┌────────
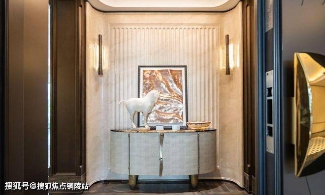 电梯厅的宠物识别按钮是艺术家定制款;入户门把手出自艺术家刘建华之手,用整块实心铜锭经锻造、打磨、电镀等多道精密工艺制成,握住的瞬间就是与艺术的触碰
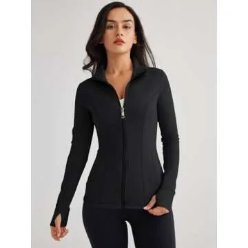 Trendy Queen Womens Lightweight Zip Up Jackets Mock Turtleneck Fall Hoodies Fitted 2024 Athletic Workout Clothes with Pockets Black M
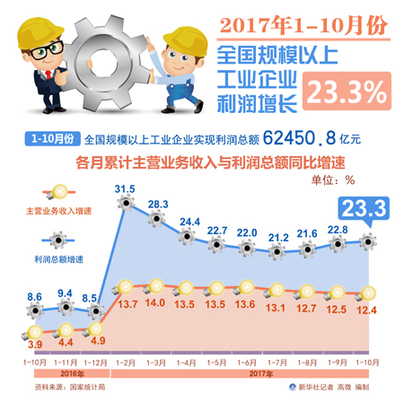 數據顯示,2017年1-10月份,規模以上工業企業利潤同比增長23.3%,增速比1-9月份加快0.5個百分點。其中,10月份利潤同比增長25.1%,增速雖比9月份減緩2.6個百分點,但仍是今年以來月度較高增速。
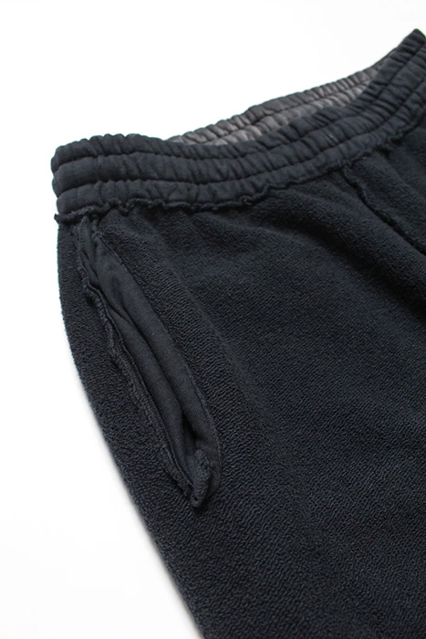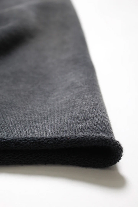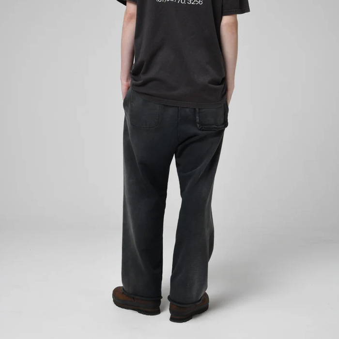 股上を深く取ったスラックスライクなシルエットと、切りっ放しの裾が古いスウェットの空気感を残している。
└────────
:: Task item ::
Starting at the line that holds "數據顯示,2017年1-10", copy each line exactly through the end of the listing, both ends included. Leave the pictures out.

:: Output of the task ::
 數據顯示,2017年1-10月份,規模以上工業企業利潤同比增長23.3%,增速比1-9月份加快0.5個百分點。其中,10月份利潤同比增長25.1%,增速雖比9月份減緩2.6個百分點,但仍是今年以來月度較高增速。
 股上を深く取ったスラックスライクなシルエットと、切りっ放しの裾が古いスウェットの空気感を残している。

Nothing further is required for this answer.